- Born: 4 October 2011 (age 14) Dnipro, Ukraine

Gymnastics career
- Discipline: Rhythmic gymnastics
- Country represented: Ukraine; (2024-present);
- Head coach: Irina Deriugina
- Assistant coach: Olga Fesenko
- Medal record
Rhythmic Gymnastics
Representing Ukraine
Junior European Championships
| Silver medal – second place | 2026 Varna | Team |
| Bronze medal – third place | 2026 Varna | Ball |

= Varvara Chubarova =

Ukrainian rhythmic gymnast

Varvara Chubarova (Ukrainian: Варвара Чубарова; born 4 October 2011) is a Ukrainian rhythmic gymnast. She represents Ukraine in international competitions.

== Career ==

=== Junior ===
At the 2024 Ukrainian Championships Chubarova won gold with hoop and silver with ball among juniors. The following year she won bronze in the All-Around, silver with hoop and with ball and gold with clubs and ribbon at the 2025 Happy Cup in Ghent.
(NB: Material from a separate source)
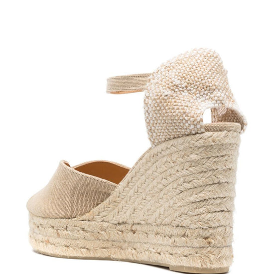 Sand beige calf leather peep toe braided raffia wedge heel buckle-fastening ankle strap branded insole bianca canvas esparilles size and fit - heel 4,3 in / 11 cm; platform 1,6 in / 4 cm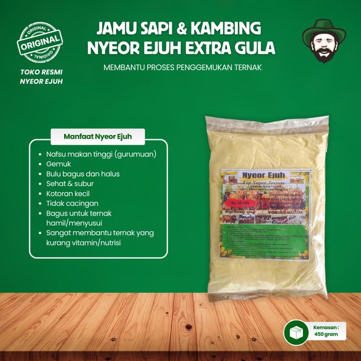 ( HARGA PROMO ) NYEOR EJUH Jamu Extra Gula Sapi Kambing Penggemuk & Penambah Nafsu Sapi Makan Vitamin Anti Cacingan

In May 2026 she performed with ribbon at the European Cup in Baku, being 4th in teams and 6th with ribbon. She was then selected for the European Championships in Varna, winning bronze, behind Kira Babkevich and Melissa Diete, in the ball final and in teams alongside Sofiia Krainska and Sofiia Kulikova. After she medalled she spoke about how hard it was to train in her native Dnipro under Russian heavy bombing, her and Krainska decided to cover their eyes and wear headphones during the Russian and Belarussian's anthems in protest of the end of the neutrality rules.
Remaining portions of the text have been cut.